Berdasarkan informasi dari Ibu Maria Ulfah Anshor (Komisioner Komnas Perempuan) dalam Webinar Anti Kekerasan Berbasis Gender yang dilaksanakan oleh  Kementrian Pendidikan dan Kebudayaan secara daring, menyebutkan bahwa kekerasan terhadap perempuan terus meningkat tiap tahunnya dan ini bisa jadi hanya yang lapor saja. Jumlah di lapangannya pasti jauh lebih banyak. Keadaan ini tentu saja sangat memprihatinkan. Perempuan sebagai sosok sentral dalam keluarga seharusnya mendapatkan jaminan rasa aman agar dapat melahirkan anak bangsa yang berkualitas. 

 

 

Jika mau menjabarkan, kenapa sih terjadi kekerasan dalam rumah tangga dan biasanya dilakukan oleh suami?
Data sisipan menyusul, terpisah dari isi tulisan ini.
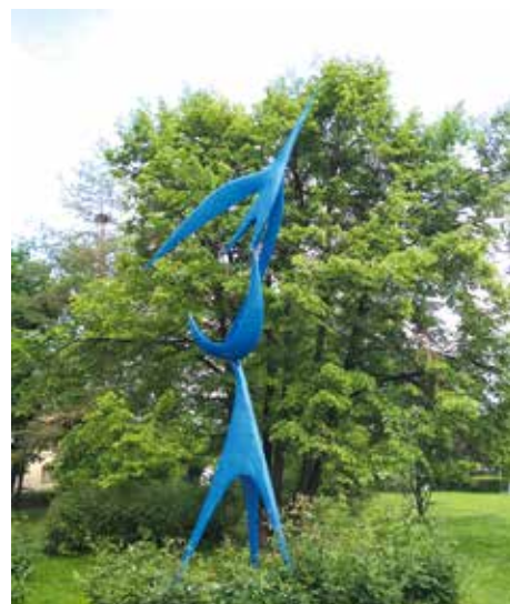
PLASTIKA „RYCHLOST“ OD JIŘÍHO NOVÁKA, U ZŠ V RYBNÍČKÁCH

existujícím dílům a zároveň přidávat záznamy o těch nově instalovaných. Archivní materiály a dokumentace ke vzniku a osazení děl jsou kusé, rozptýlené v různých zdrojích, spousta z nich je ztracena nebo uložena u soukromých osob. K mapování soch, pomníků a dalších objektů ve zdejších veřejném prostoru tak mohou výrazně přispět i pamětníci a obyvatelé Desítky.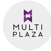
2008 C.C. Multiplaza pacific

Presentándonos en el mundo comercial, fuimos parte de la construcción del más lujoso, amplio y reconocido centro comercial en el país.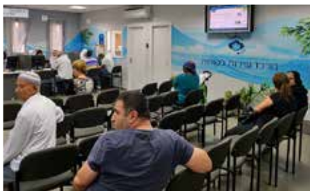
ת.מר שרות יעיל סביב השעון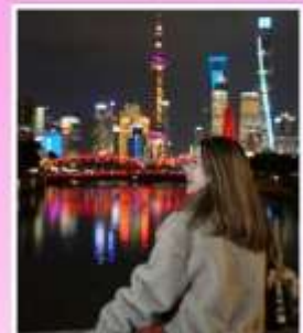
สะพานจ๋าฟู่ฉีเยอ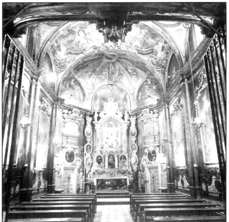
Capella dels Dolors. Basilica de Santa Maria de Mataró.

L'esment de Viladomat com autor de la decoració de la capella que fa Maldà en les Miscel·lànies dels anys 1770, 1780 i 1790, s'ha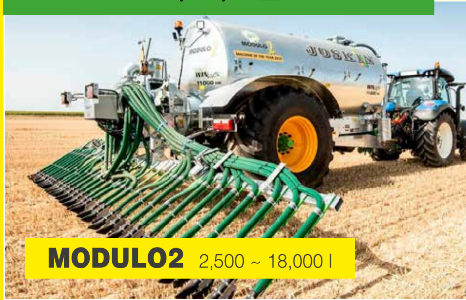
MODULO2 2,500 ~ 18,000 l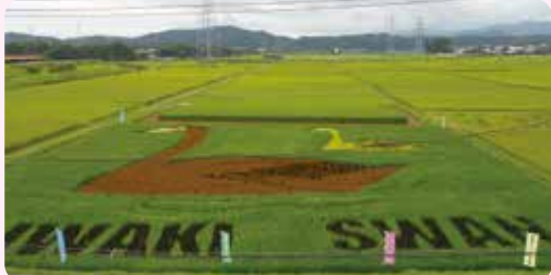
●平成29年8月上旬撮影

Saya yakin, setiap laki-laki yang melakukan kekerasan kepada pasangannnya, adalah laki-laki yang mendapatkan perlakuan kurang baik saat kecilnya. Bisa jadi ada trauma masa kecil yang belum terselesaikan. Dendam itu terus tumbuh ditambah dengan tekanan sana sini, meledaklah pada istrinya. Sayangnya, pola ini akan terus berlanjut serta diwariskan ke generasi berikutnya. Jika saja tak ada upaya memutus mata rantainya.

Upaya-upaya untuk setidaknya mengurangi kekerasan terhadap perempuan sebenarnya bisa dilakukan dari rumah sejak anak kecil. Diperlukan kesadaran diri dari kedua orang tua untuk memaafkan masa lalu dan tidak melampiaskan pada anaknya. Mata rantai itu harus diputus. Dan yang bisa memutuskannya adalah orang tua saat ini. Berdamai walau tak mudah demi kebaikan anak di masa mendatang adalah pengorbanan yang tak akan sia-sia.
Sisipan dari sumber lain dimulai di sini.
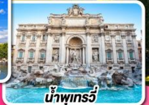
น้ำพุกรวี

09-18 พ.ค. 68 08-17 ส.ค. 68 16-25 พ.ค. 68 05-14 ก.ย. 68 30 พ.ค.-08 มิ.ย. 68 25 ก.ย.-04 ต.ค. 68 13-22 มิ.ย. 68 07-16, 16-25 ต.ค. 68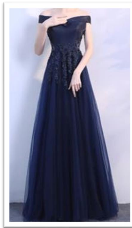
イブニングドレス 夜の正礼装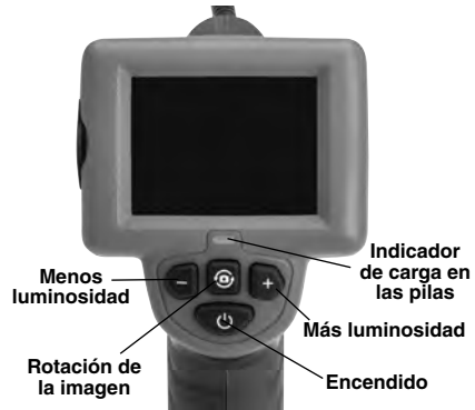
Figura 7 – Mandos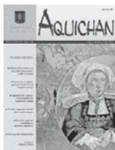
AQUICHAN 6 Año 6 Vol. 6 No. 1, octubre 2006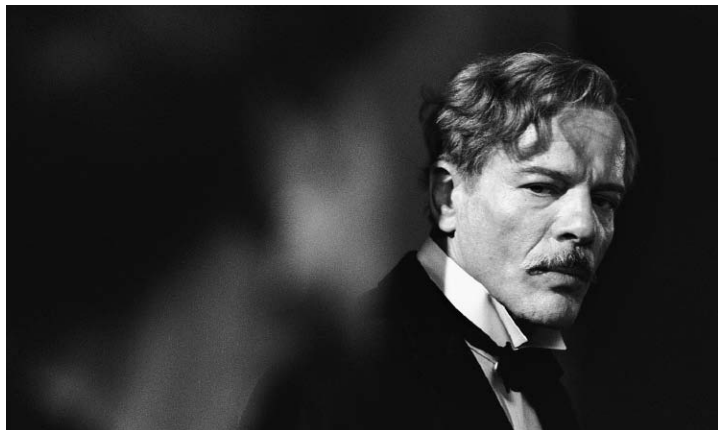
Pascal Gregory dans Gabrielle , film de Patrice Chéreau (2005).

Si le théâtre, et plus largement l'œuvre de Chéreau, est si remarquable, c'est que chacune de ses créations répond au désir intime et puissant qu'il éprouve de porter un texte, de se dévouer à l'œuvre qui devient essentielle à son cheminement. Boulimique de travail certes, et grand perfectionniste, toujours dans l'exigence du texte, la précision du geste, il dit : « Je suis exigeant envers les autres parce que je le suis d'abord avec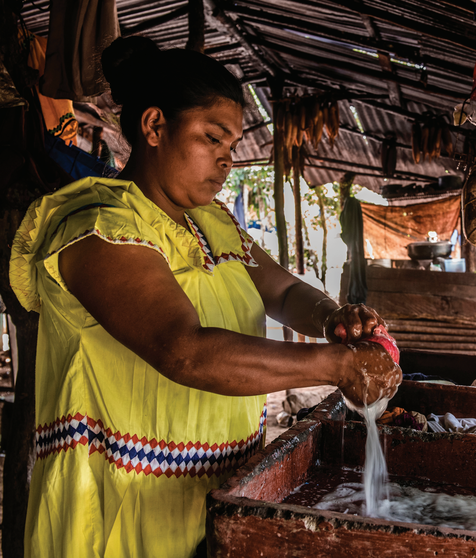
Proyecto Chiríticos. San Vito de Coto Brus, Costa Rica.

Orang tua bisa belajar ilmu parenting. Perlakukan anak dengan penuh kasih sayang. Berikan contoh bagaimana memperlakukan perempuan. Jangan membeda-bedakan antara anak laki-laki dan perempuan, keduanya memiliki hak dan kesempatan yang sama untuk berkembang. Hapus budaya patriarki yang nyatanya sangat merugikan perempuan. Dan yang tak kalah penting, bentengi anak agar terhindar dari bahaya pelecehan seksual baik di lingkungan sekitar maupun sekolah. Ini sangat penting, mengingat kejahatan bisa terjadi di mana saja dan orang tua tak selamanya bisa mengawasi.

 


Harapan saya, semoga ada semacam Lembaga Masyarakat setingkat minimal kecamatan, yang fokus mengedukasi sampai ke pedesaan tentang perlindungan terhadap perempuan dan parenting anak. Semoga tidak ada lagi diskriminasi, agar perempuan Indonesia juga ikut berperan aktif menjadi bagian dari pembangunan bangsa ini.